Oddly, that was a temporary effect, although the Great Recession had an impact. By 2010, the first-time admits who actually showed up were at an all-time high, and the campus went over 6,000 students (abut 4,200 FTEs) for the first time ever.

But the immediate effect was huge, especially in departments (math & English) which depended on a lot of developmental course work to keep their faculty fully employed...a lot of part-timers lost their jobs, and even a few f-t lecturer positions went away for a few years.
It's never been particularly easy to shed student loan debt. I'd have to say "pics or it didn't happen" to Dantes.

The issue is that student loan debt should be dischargeable under certain circumstances -- if you're formally found disabled by SS, for example. Then you can't use the education you just spent all that money to acquire.

In general, of course, the issue with student loans is simply their massiveness. The other problems, such as the stupidity of running through banks instead of directly, are extant, but the sheer scale of the issue is such that it is the primary concern.

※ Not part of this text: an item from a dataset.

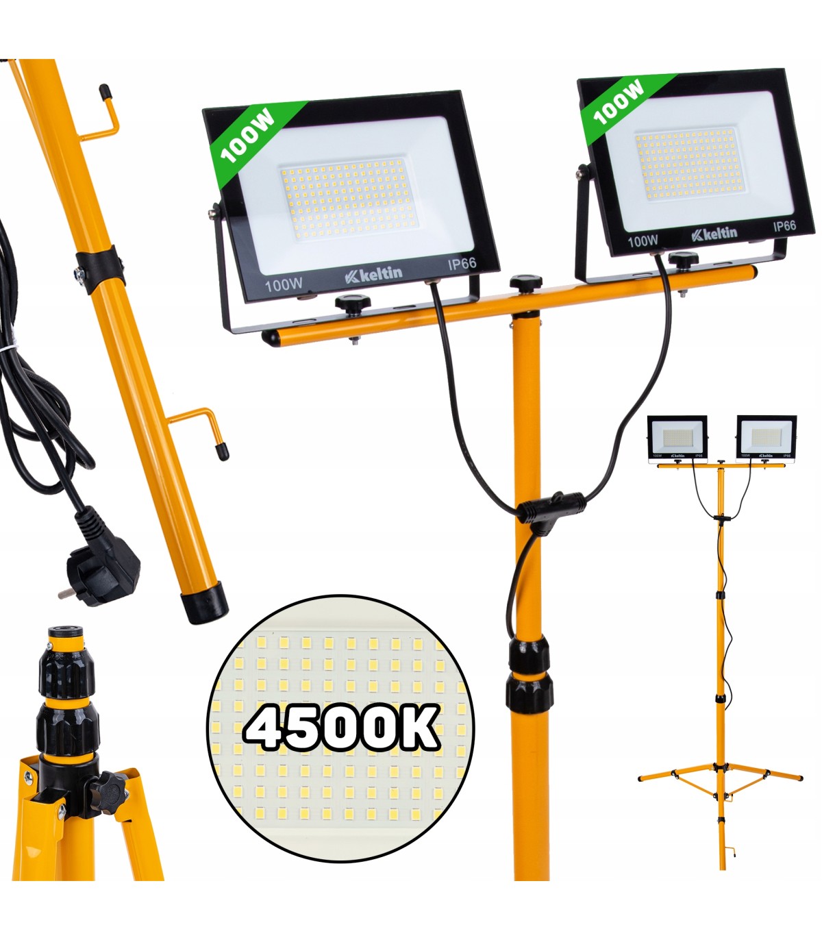 ⭐ Naświetlacze LED 2x100W ze statywem budowlanym teleskopowym

I'm also a little baffled by taking this seriously. This is a throwaway line. There is no way a Congress that puts Ted Cruz in charge of NASA ponies up for additional funds for education.

@Anonymous 6:08AM

There has been a long history of smaller "directional state" or "university of ... AT city" schools having the goal of becoming large research universities, right down to the major football program. I even know of one that started as a 2-year "normal" college and was exclusively a college of education into the 1950s; it is now a research university that is well on its way to having a medical school.

Mission creep.

That is the reason you find "4 year" universities that dream of the same, seeking a way to cut teaching effort and increase research effort until they can get the external funds to keep the enterprise going. And, yes, this proposal could hurt them.

It won't hurt the universities with the sort of amenities alluded to in the hysterical screed written by The Hater (in the article cited by Edmund Dantes). They will still draw plenty of freshmen who want to go to football games. They will do just fine.

And so will community college faculty, who already often make more than the poor folks doing both a high load of teaching and publish or perish research at Middling State. More money goes to teaching when you don't have to feed the bureaucrats needed to run research projects.
Back when my parents went to uni, it was free tuition and you got a (small) living grant.

Not everyone got in — you had to pass your A-levels, in a time when most took O-levels.

You could get a decent job (even in still-rationed Britain) without a degree.
Punditus, I do not personally know anyone who has shed student loan debt in bankruptcy. The conversation really happened, but it was close to 40 years ago, I can't verify the accuracy of what I was told. The bankruptcy code has been changed many times since then, and generally not to make it easier for debtors.

The point of my comment is the economic logic behind treating student loan debt differently from other debts in bankruptcy.